Last weekend we hosted a Critical Data Marathon in London, alongside parallel events in France (Paris) and the US (Cambridge, MA). The idea was to bring together healthcare providers with data scientists to answer clinically-relevant questions over the course of a weekend. Many thanks to The Institution of Engineering and Technology, IDEALondon, UCL, KCL, Imperial College, and MIT for helping to make it happen.
Our focus was the MIMIC-II database , an incredible resource of critical care data. Aside from some minor hiccups along the way (like getting locked out of the venue on Sunday morning!) I think it's fair to say that the event was a success. We kicked off with some great talks, learnt about MIMIC-II, got to know each other, and even made a start on some clinical questions.
As anticipated, one of the biggest challenges of the weekend was getting everyone set up with access to MIMIC-II. Not easy with around forty people, each with different skillsets, operating systems, and motivations. Data in MIMIC-II is anonymised but it relates to patients and requires respect, so there are a few hurdles that need to be jumped before access is granted.
Below I have documented what ended up being the most straightforward route to accessing the MIMIC-II data, in case it is helpful for others. If you're a clinical researcher fed up with battling your own hospital's data management systems, you could do worse than spending a few hours on the following steps:
- Register with Physionet, the platform that hosts MIMIC-II (and a great source of data in itself). Simply add your details to the Physionet registration page.
- Complete an approved online ethics training programme in human research, such as the NIH one on Protecting Human Research Participants. This will take a couple of hours.
- Read the MIMIC-II access instructions and, assuming you agree, click 'I agree' at the bottom of the page. You'll receive an email containing a 'Data Use Agreement'. Complete the agreement and send it to the email address provided, along with a copy of your ethics certificate.

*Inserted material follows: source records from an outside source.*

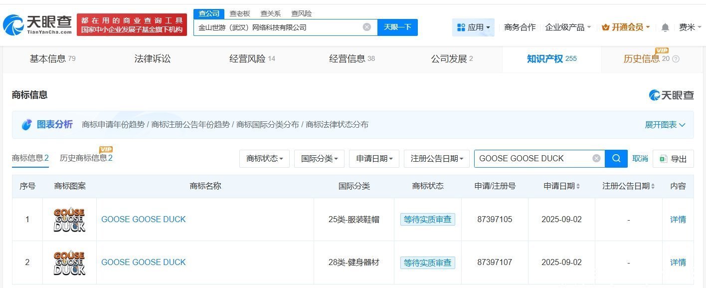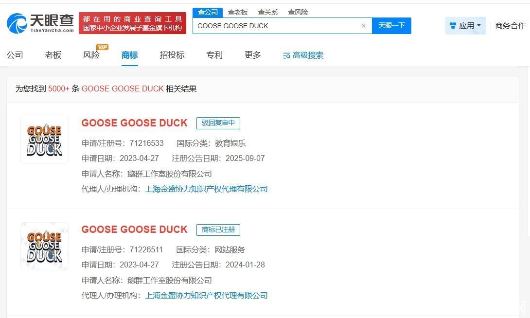 值得一提的是,知识产权信息显示,鹅鸭杀出品方GAGGLE STUDIOS,INC.(即鹅群工作室股份有限公司)曾申请注册多枚“GOOSE GOOSE DUCK”商标,国际分类包含教育娱乐、网站服务、科学仪器等,当前部分商标已成功注册。此外,金山世游关联公司金山世游(武汉)网络科技有限公司于去年9月申请注册“GOOSE GOOSE DUCK”商标,国际分类为服装鞋帽、健身器材,当前商标状态为等待实质审查。公开资料显示,金山世游作为鹅鸭杀中国大陆地区独家代理发行商,全面负责游戏的本土化运营及移动端开发。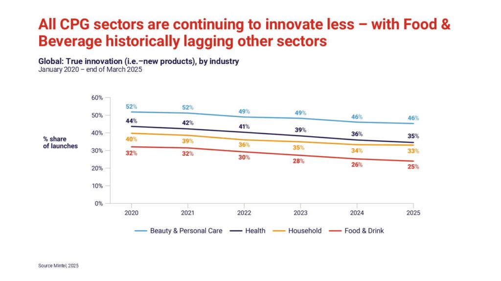True innovation has been gradually declining for a long time across all CPG sectors, particularly for Food & Beverage, increasing its level of exposure to forces that are draining growth and profitability.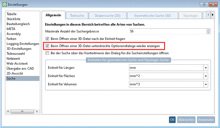 Suche nach: Suchen Sie nach Teilen und Teilefamilien oder nur nach Teilen. (Vgl. Abschnitt 3.1.6.7.1, „Anzeigemodus“).
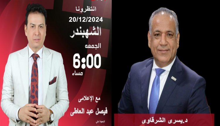 يستضيف برنامج الشهبندر المُذاع على قناة الحدث اليوم الفضائية تقديم الإعلامي فيصل عبد العاطي خلال حلقة بعد غدٍ الجمعة 20-12-2024 في تمام الساعة السادسة مساءً الدكتور يسري الشرقاوي رئيس جمعية رجال الأعمال المصريين الأفارقة للكشف عن أهم المحاور وحصاد لنشاط الجمعية خلال عام 2024 .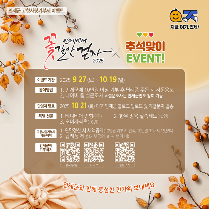 [스포츠서울ㅣ김기원기자]인제군이 ‘2025 인제 가을꽃축제’와 추석명절을 맞아 ‘고향사랑기부제 특별 이벤트’를 오는 27일부터 다음 달 19일까지 진행한다.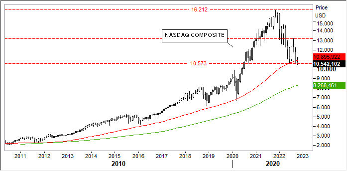 Analisi tecnica Nasdaq Composite. Il Nasdaq (oggi 10.542 punti) è scivolato sui minimi degli ultimi due anni, mettendo pressione al forte supporto statico in area 10.573 punti, rappresentato dal minimo dello scorso giugno. Una chiusura settimanale sotto questo livello aprirebbe la strada ad ulteriori discese anche fin verso 8.268 punti, dove transita la media mobile di lungo periodo sotto evidenziata in verde.

- After carrying out some checks, the MIMIC-II team will send you an email to let you know that permission to access the data has been granted.
Once you've gained access there are several different methods for exploring and analysing the data. The most popular options amongst attendees of the London Data Marathon were:
MIMIC Explorer. This is a web-based tool that allows users to view tables and run queries. Exports are limited to 1000 rows, so while it's great for exploring the data, it's not so great for in-depth analysis.
Local Postgres instance. Setting up a local version of MIMIC-II is the simplest option for people who plan to use the data long-term. Install Postgres, import a dump of the data (you should be able to request this from the MIMIC-II team), and you're ready to go. We found that recreating the database takes around an hour on a solid state harddrive and requires about 60GB of space.
- Flat text files. The entire clinical database is available as a collection of CSV files. Great for experienced programmers like @MattDowle, who demonstrated the power of R at the data marathon!
That's all for now. Hopefully see you at the next MIMIC-II event, which is likely to be in mid-2015.
- Mohammed Saeed, MD, PhD, Mauricio Villarroel, MBA, Andrew T. Reisner, MD, Gari Clifford, PhD, Li-Wei Lehman, PhD, George Moody, Thomas Heldt, PhD, Tin H. Kyaw, Benjamin Moody, and Roger G. Mark, MD, PhD. Multiparameter Intelligent Monitoring in Intensive Care II (MIMIC-II): A public-access intensive care unit database 2011; 39:952-960.